Engineering Contradictions & Design Principles
Engineering Contradiction Analysis
1Extent of automation
If RSSI-based neighbor table creation is used, then node identification is automated, but measurement precision deteriorates due to questionable relationship between RSSI values and distances
Solution Approach 1:
The patent changes the measurement parameter from RSSI (signal strength) to optical parameter (light intensity sensed by the sensor). This parameter change enables accurate determination of which nodes are within visual range, thereby achieving precise neighbor identification without manual correction while maintaining full automation.
2Measurement precision
If manual table correction is performed, then node positioning accuracy improves, but ease of operation deteriorates due to required field engineer intervention
Solution Approach 1:
The system performs self-service by automatically detecting which nodes are within visual range through optical sensing and autonomously creating accurate neighbor tables without requiring field engineer intervention.

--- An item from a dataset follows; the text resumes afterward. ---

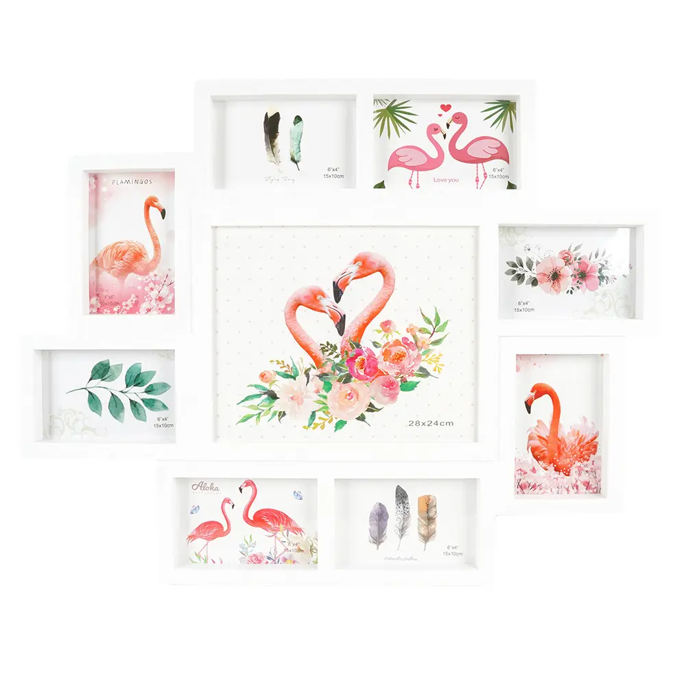 plastový rámeček na 1 foto 28 x 24 cm a 8 foto 10 x 15 cm, rozměr rámečku 61,5 x 48 cm, k zavěšení, fotografie je krytá plexisklem
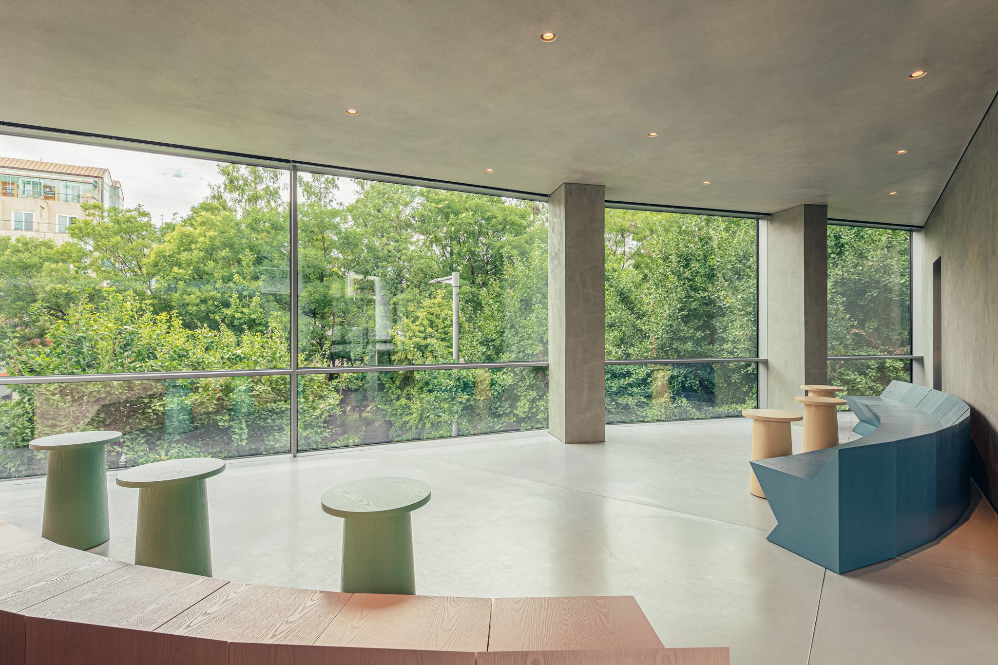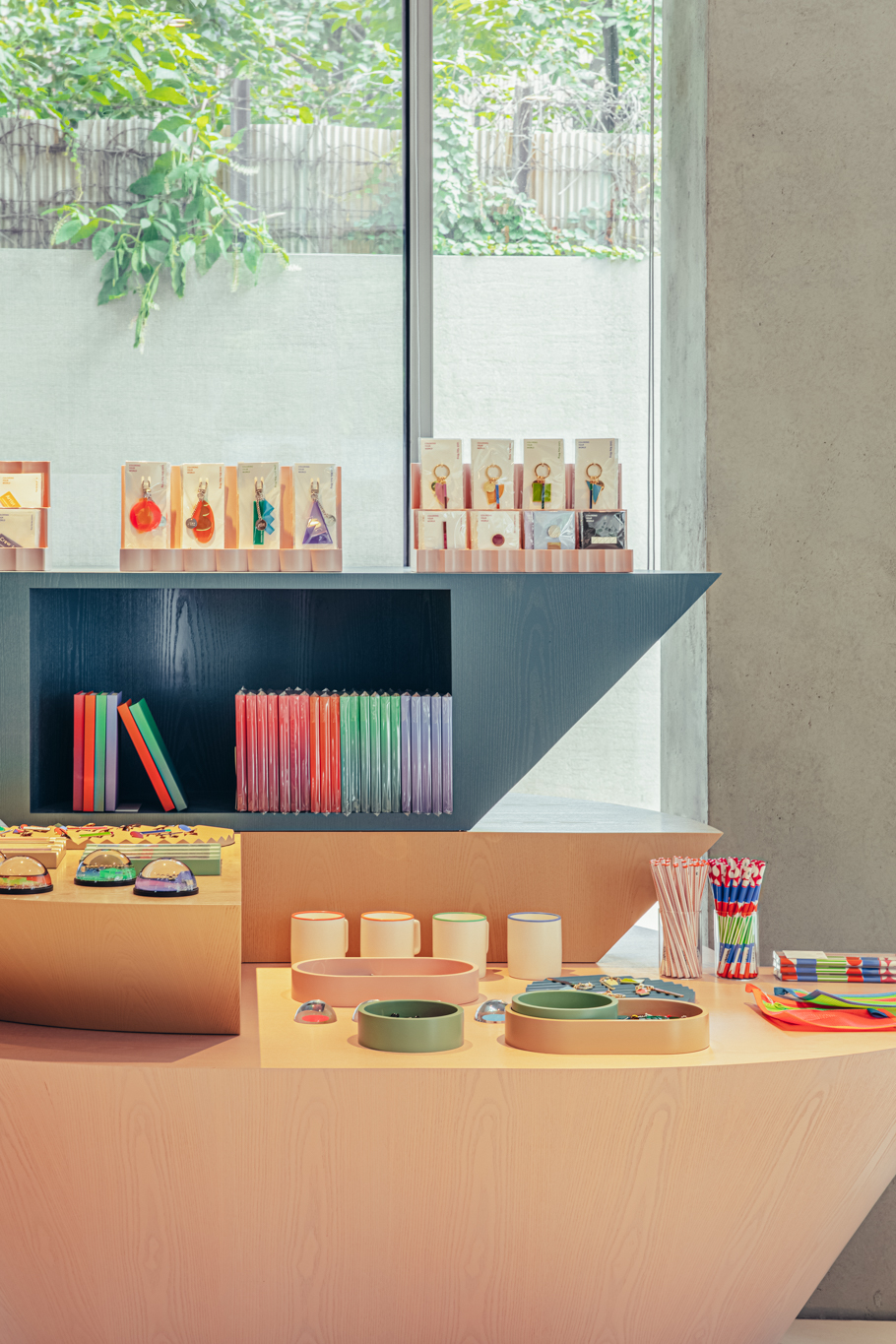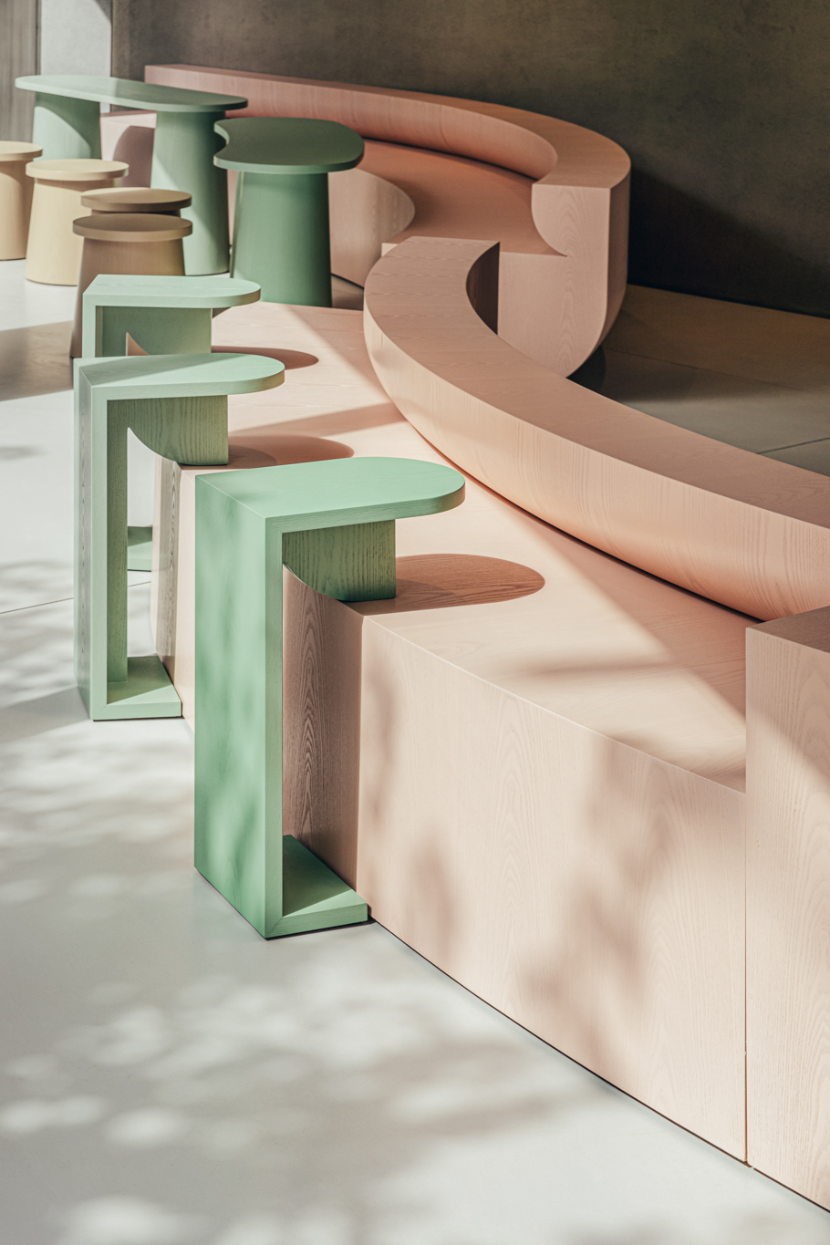 COM designs spaces and furniture with various characteristics, from commercial spaces for unspecified individuals to offices where different members work together.

The nodes self-identify their neighbors based on what they can visually detect, eliminating manual correction needs.
3Device complexity
If inaccurate neighbor tables are used, then device complexity is reduced, but energy efficiency deteriorates due to unnecessary node reactions
Solution Approach 1:
The patent replaces the mechanical/algorithmic approach of RSSI-based neighbor detection with an optical sensing mechanism. Nodes use their sensors to detect light intensity and determine which neighbors are within visual range, creating accurate neighbor tables that prevent unnecessary reactions and reduce energy consumption while maintaining simple system structure.
Applied Scientific Principles
This section explains which scientific principles are used to turn an abstract innovation direction into a practical engineering solution.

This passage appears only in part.